Il filo che unisce tanto fascino è, come evidente dal titolo della mostra, il "confine", trattato sotto diversi punti di vista, ben introdotti dalle delicate didascalie e - per chi preferisce l'audioguida - dalle parole del curatore Marco Goldin.
Da Gauguin a Van Gogh, da Turner a Rothko, da Cezanne a Monet, dal goriziano Dugo al cervignanese Zigaina fino a tanti, tanti altri, è un progressivo immergersi nel mistero del limite. E' il confine paesaggistico, quasi si potrebbe dire biblico, tra le separazioni della Genesi, la luce dalle tenebre, la terra dal cielo, le acque dalla terraferma... E' il confine tra gli esseri viventi - animali e vegetali - e il regno minerale, la vita che spunta ovunque e che sfida le rocce apparentemente invincibili. E' il confine tra l'essere umano e la Natura che lo circonda, tra la donna e l'uomo, tra gli umani sottilmente divisi dalla linea della pace e della guerra. Ed è il confine tra la propria interiorità e il mondo esterno, dialogo a volte fecondo, altre volte impossibile, l'io come amico o nemico di tutto ciò che lo circonda. C'è spazio per la filosofia, per la teologia, per la storia, per la psicologia e la psicoanalisi, per l'etica, l'estetica e la logica, in un turbinio di linee, forme e colori. Nell'opportuno rifiuto della tradzionale esposizione cronologica, gli spazi e i tempi si intrecciano e trascinano il visitatore in un turbine di sensazioni ed emozioni che lo proiettano ora al di fuori di sé, nella contemplazione estatica o inquieta dell'arte, ora dentro di sé alla ricerca di corrispondenze e suggestive connessioni.

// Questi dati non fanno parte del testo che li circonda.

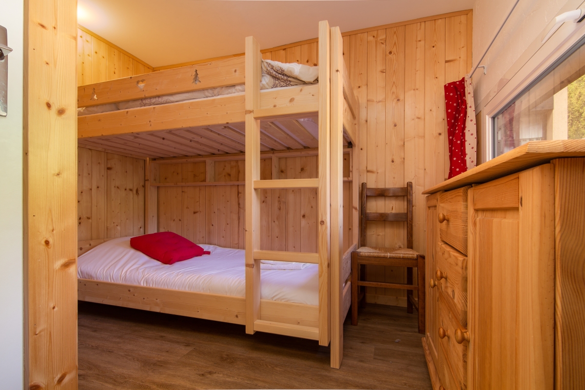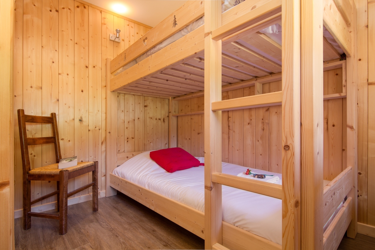 Bedroom 2: The room with wooden walls has a set of bunk beds.
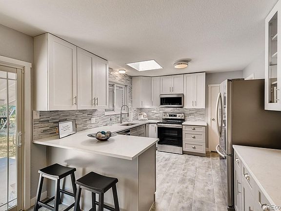 Tastefully updated 2408 square foot 4 bedroom 3 bath home with huge finished basement. Brand new stainless Samsung appliances, quartz counter tops, breakfast bar, and tile floors in open kitchen and dining. All bathrooms have custom tile including flooring, bath and shower surrounds. Hardwood floors on main level, walk in closet in master, central heat and air. Large fenced yard with mature landscaping and trees includes playset. Attached workshop or utility room on oversized 1 car garage. RV or toy parking-no HOA. Minutes to light rail and public transportation, less than 20 minutes to downtown Denver. Close to hiking and biking trails, pubs, coffee shops, shopping and restaurants. 4th bedroom is non conforming, buyer to verify all info prior to close.
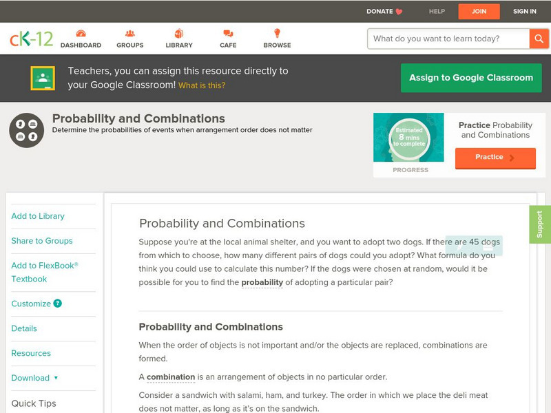 Ck 12: Probability: Probability and Combinations Grades 8 9
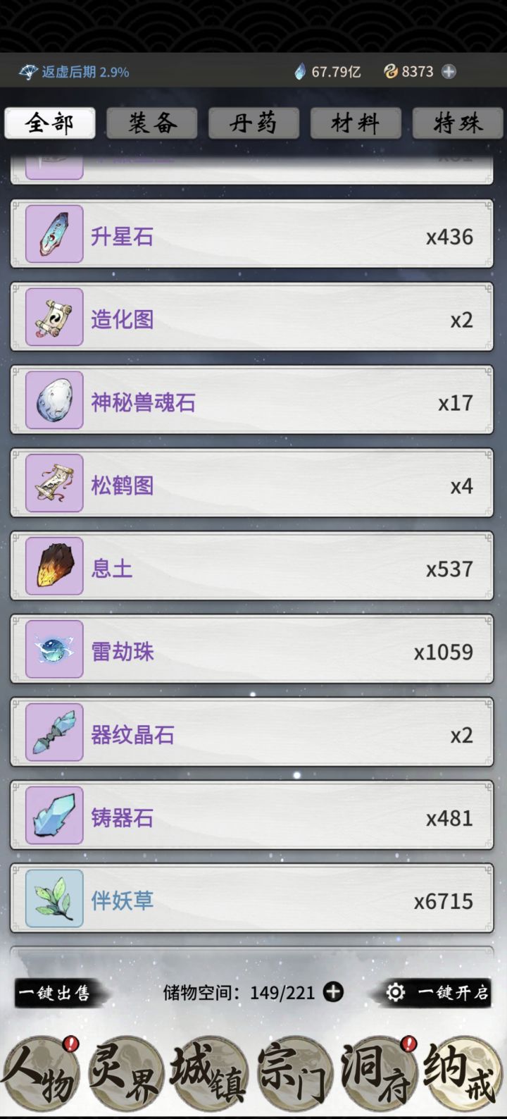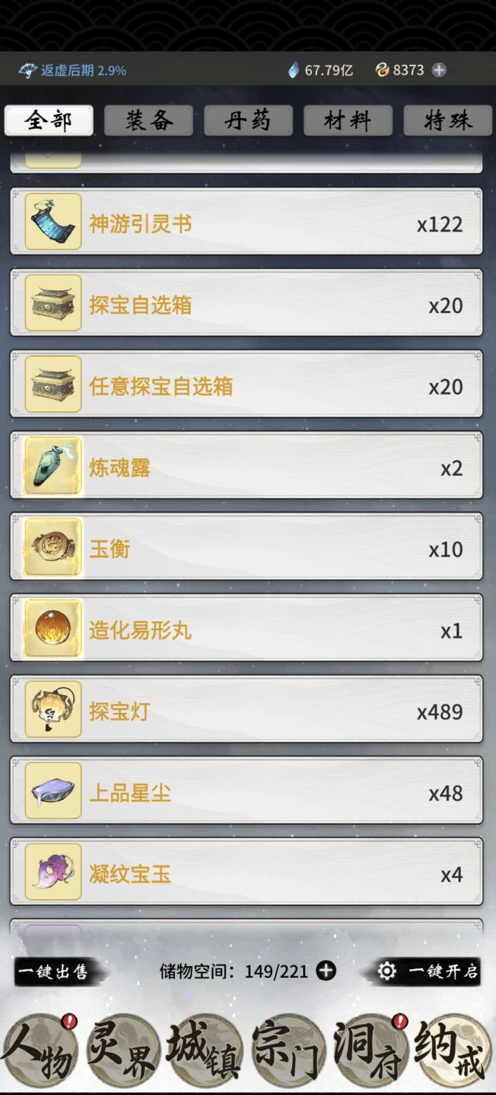 大佬们,现在在灵界,还有一周多开大乘,像探宝灯,息土,雷劫珠攒多少合适呀?
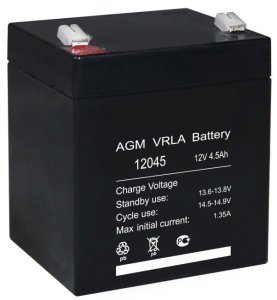 Краткое описание: Свинцово-кислотный, герметичный аккумулятор, 12В/4,5Ач, ножевые клеммы 4,8 мм (F1), 90х70х107мм, 1,29кг
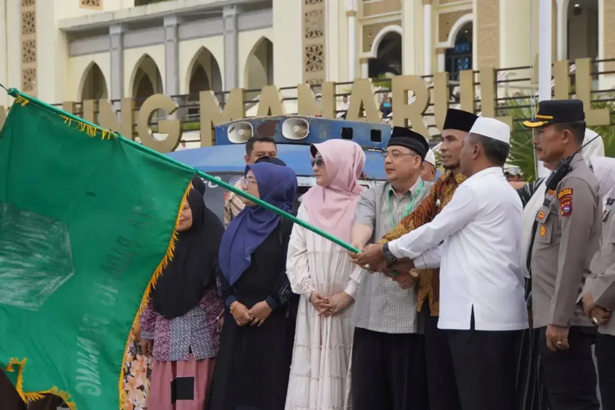 PADANG PANJANG, METRO–Wakil Wali Kota, Allex Saputra melepas sebanyak 99 orang jamaah haji Kota Padang Panjang di Masjid Agung Manarul Ilmi Islamic Centre, Kamis (15/5).
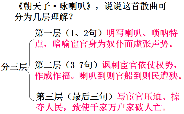 这首散曲表面是吟咏喇叭,实际上是借物咏怀,讽刺和揭露了明代宦官狐假虎威,残害百姓的罪恶行经,表达了人民的痛恨情绪。
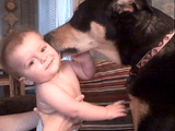 人間の赤ちゃんが好き過ぎてペロペロと舐めまくる犬と、とっても嬉しそうな赤ちゃん
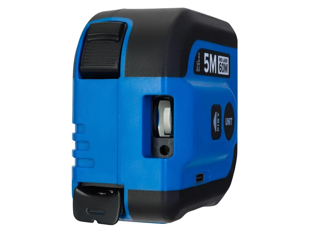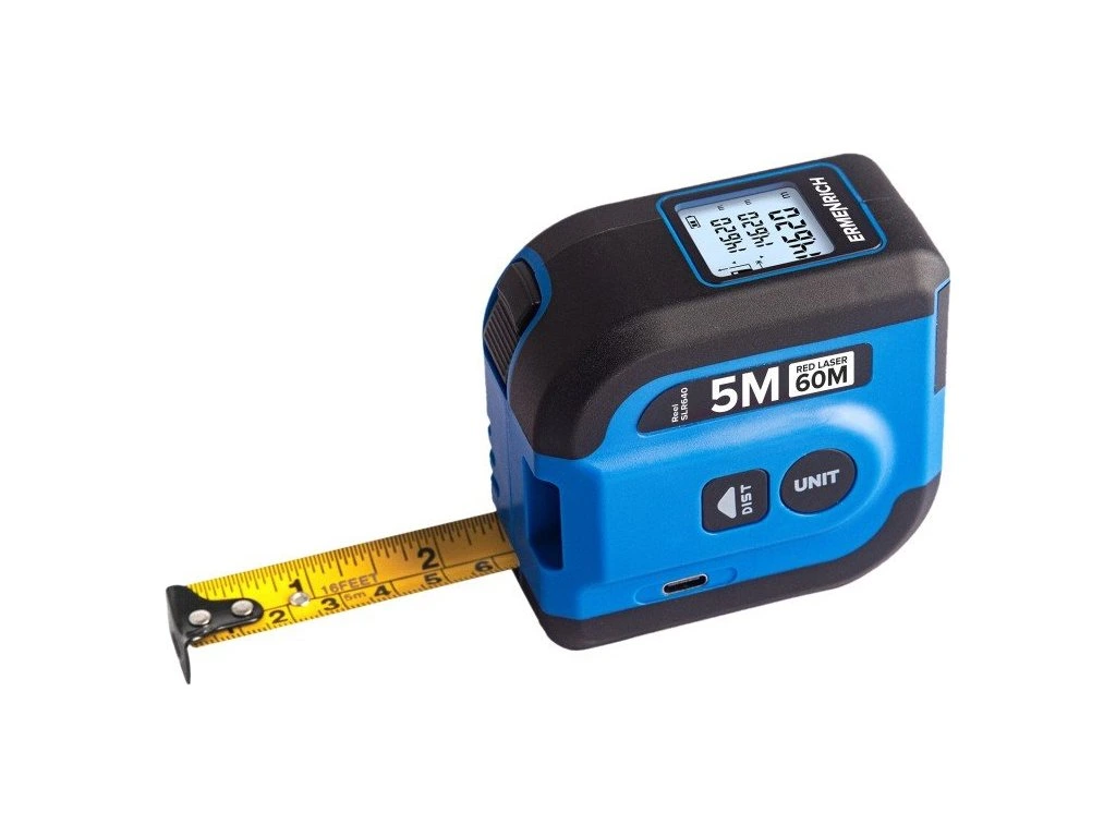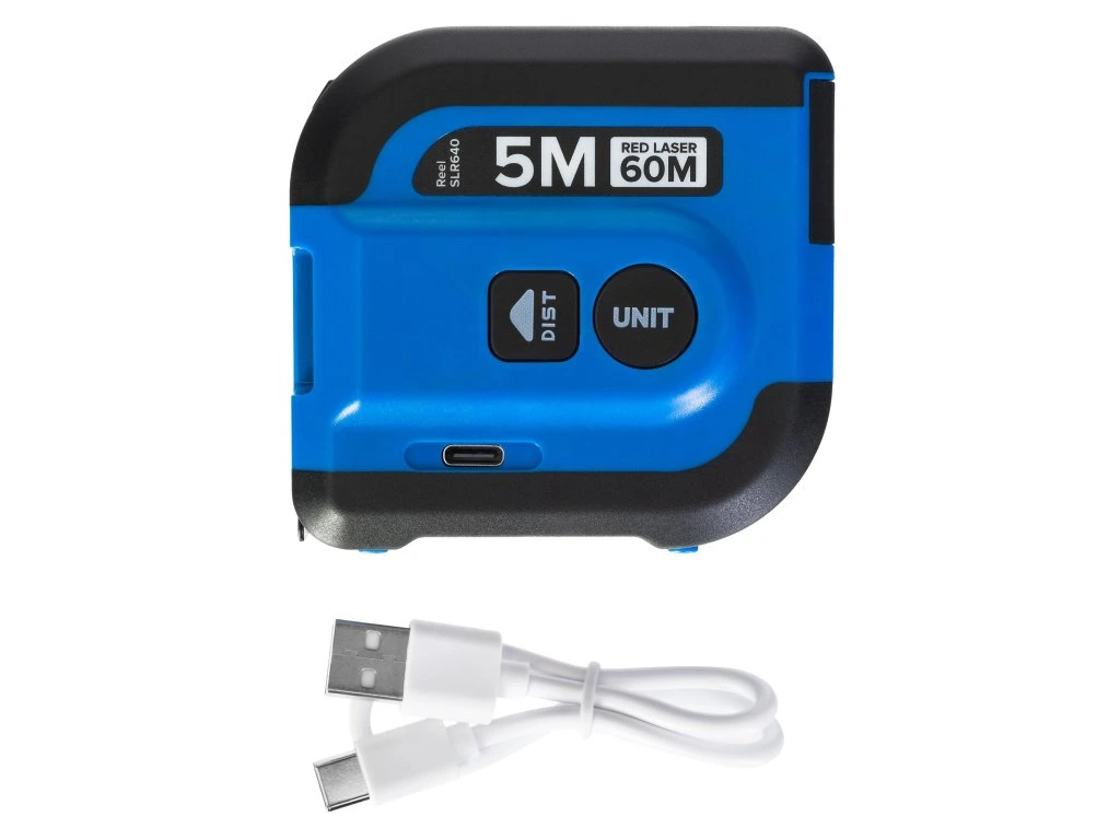 Zariadenie sa môže používať ako bežný 5 m rolovací merač alebo ako laserový merač. Meria až do vzdialenosti 60 metrov a je bezpečný pre vaše oči. Vysokokvalitné vyhotovenie z plastu ABS zaručuje, že zariadenie je odolné voči nárazom. Stupeň krytia IP54 ho chráni pred prachom a striekajúcou vodou. Je napájaný nabíjateľnou batériou.
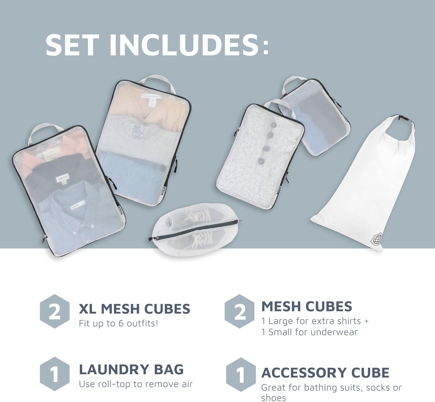 - LUGGAGE ORGANIZER- See through mesh makes organization easy. Keep different outfits in separate compression cubes and always be ready for what’s next! Easily pack away clothing like raincoats/heavier jackets that are not used as often.
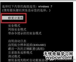 1,藍屏后重新啟動按住F8,進入操作選項,選擇“修復計算機”
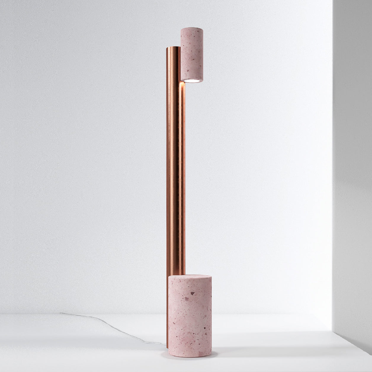 Is a beautiful and poetic way to combine two materials like rock and iron in one piece, creating different visual levels in a simple and modern object. The subtle shape of Ambra creates contrast and at the same time a perfect balance with the visual weight of the pink. Ambra has a timeless style that fits perfectly in any environment creating a dramatic light glow.
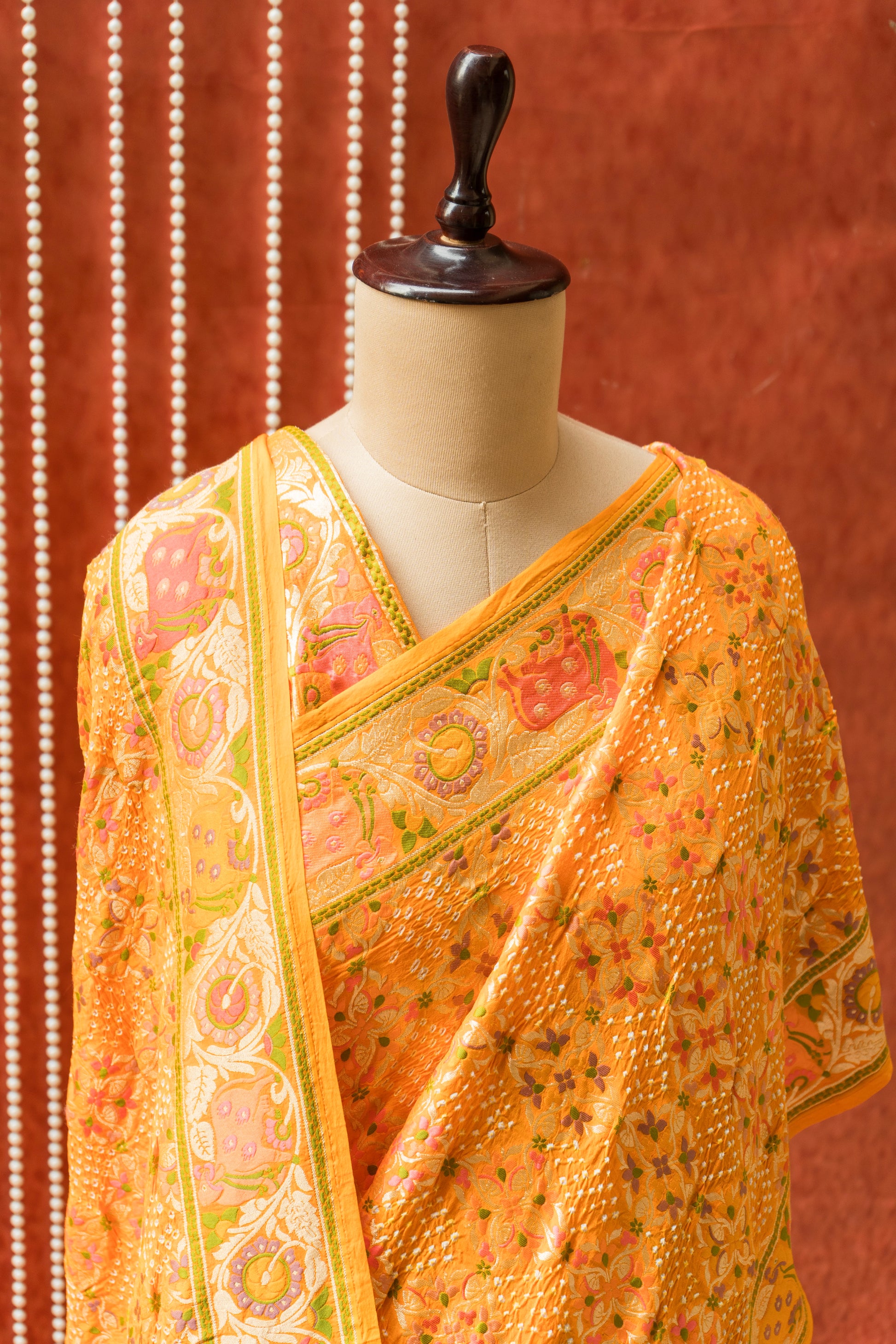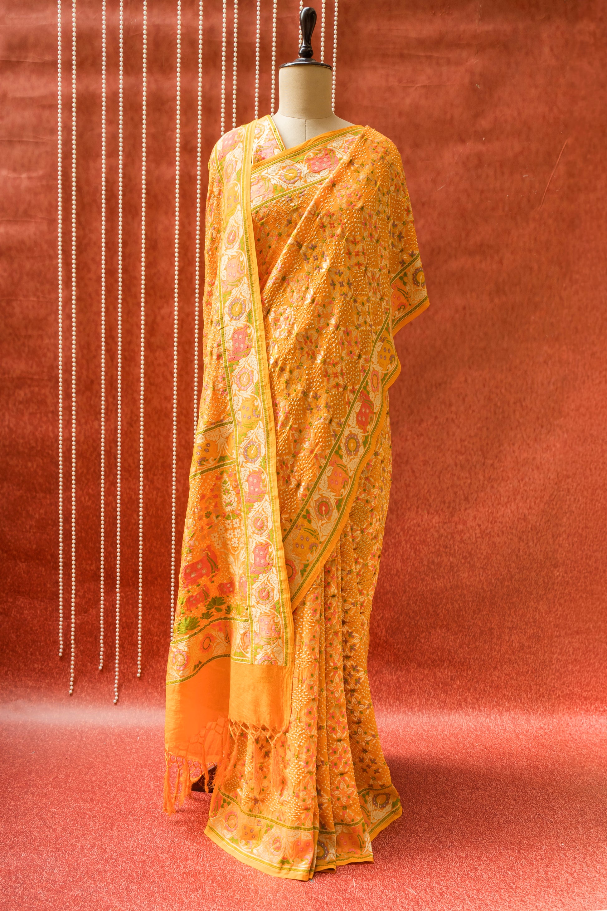 Georgette Pichwai Jaal Orange Bandhej Saree

Non può mancare, anzi è forse dominante in ogni rappresentazione, il confine dei confini, la madre di tutte le frontiere, quello fra la Vita e la Morte. L'unico modo di rappresentare questo passaggio misterioso nella dimensione del non-spazio e del non-tempo è l'esperienza artistica che proietta chi la realizza, ma anche chi ne è entusiasta spettatore, in una nuova realtà, che travalica clamorosamente la fragile frammentarietà di ogni essere vivente. Una simile immersione nella Bellezza non può che suscitare una profonda nostalgia dell'infinito e percepire un sottile e malinconico presagio di eternità.
Davvero, da non perdere!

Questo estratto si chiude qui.